As I walk to the front door, I pass by a room I’ve avoided almost as much as Vonn.

The music room.

I clean around the sleek, beautiful grand piano that pulls my attention like nothing else, and I always close the door after me.

But the door is open now, if only partially.

I don’t know what Lydia does because I never see her cleaning. Nance is always in the kitchen cooking, or in the laundry room ironing and folding linen. Kit is outside when he’s not staring at me from over the big table in the kitchen and putting me off my meal.

It’s not the first time I’ve found the door open. At first, I thought someone was playing a trick on me, tempting me with something I loved. Then I realized I was being paranoid. No one here knows I play the piano.

So, who was in the music room, and why do I never hear anyone play the piano?

“Are you still there?” Nance shouts, and I twist to find her hanging out of the kitchen. “Go. I need that flour.”

Forcing a false smile to my lips, I nod and slip outside.

I peer over my shoulder. No one is watching me. Yet, I feel eyes on me. Shaking off my unease, I drive into town with my fingers sweating on the steering wheel.

It was a forty-minute walk for me. In a car, it’s maybe fifteen minutes.

My heart is an orchestra playing a climax when I arrive, and I’m driving at a crawl so slow an old lady could overtake me on foot.

Jeremiah doesn’t know you’re here, I tell myself.And even if he sent his men to Massey, they would poke around town, not find you, and go elsewhere.

“You’re being paranoid,” I whisper, my eyes probing every figure on the street as I approach Main Street.

I park outside the grocery store, and I just sit there. My heart is racing. My palms are sweating. My eyes haven’t stopped searching the streets for any big men with long dark beards and navy linen.

And even though there is no sign of Jeremiah’s acolytes, I’m too afraid to get out.

Chapter 17

Vonn

Idon’t know what possessed me to climb into my car and follow her.

Jessica couldn’t have made it any clearer if she’d tried that she wants nothing to do with me. That I scare her.

But something brought her here to Massey. Something put fear in her eyes and had her cowering away from me when I took a step toward her. Someone hurt her, and it didn’t feel right to let her go into town alone when it sounded like Nance had bullied her into it.

So I followed, keeping my distance so she wouldn’t spot my dark gray truck trailing Nance’s navy sedan.

I didn’t come empty-handed.

I don’t have a permit for the handgun I have in the glove compartment, but as a former soldier, I know how to keep my head down when I want to. And to kill, if I need to.
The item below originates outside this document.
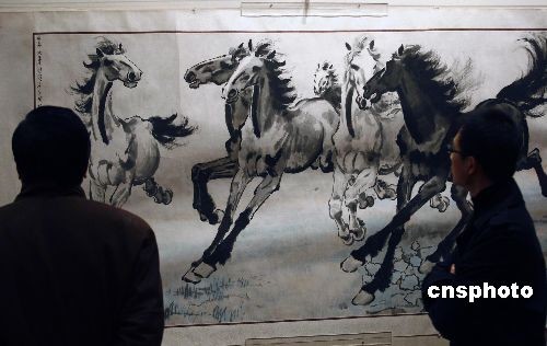 3月10日,“中國現(xiàn)代美術(shù)奠基人系列展·徐悲鴻大型藝術(shù)展”在北京炎黃藝術(shù)館舉行,一幅著名的國畫作品《群奔》吸引參觀者目光。本次展覽由北京市文化局、徐悲鴻紀(jì)念館和炎黃藝術(shù)館聯(lián)合主辦,共展出80多件徐悲鴻真跡,涵蓋了徐先生各個時期的代表作,其中包括他早期的素描《馬與馬夫》、《女人體》、《自畫像》等。中新社發(fā) 鄭雄增 攝

If trouble follows Jessica here, I intend to do something about it.

She’s sitting in her car when I slow my truck and park up behind her outside the grocery store. She doesn’t know what vehicle I drive, and as long as she doesn’t look in her rearview mirror, she won’t know I followed her into town.

She cuts the engine.

I can’t see what she’s doing in there, but as the seconds and then the minutes tick by, she makes no move to get out.

I watch her with a slight frown, growing more certain by the second that somethingiswrong and that my spontaneous decision to follow her was a good one.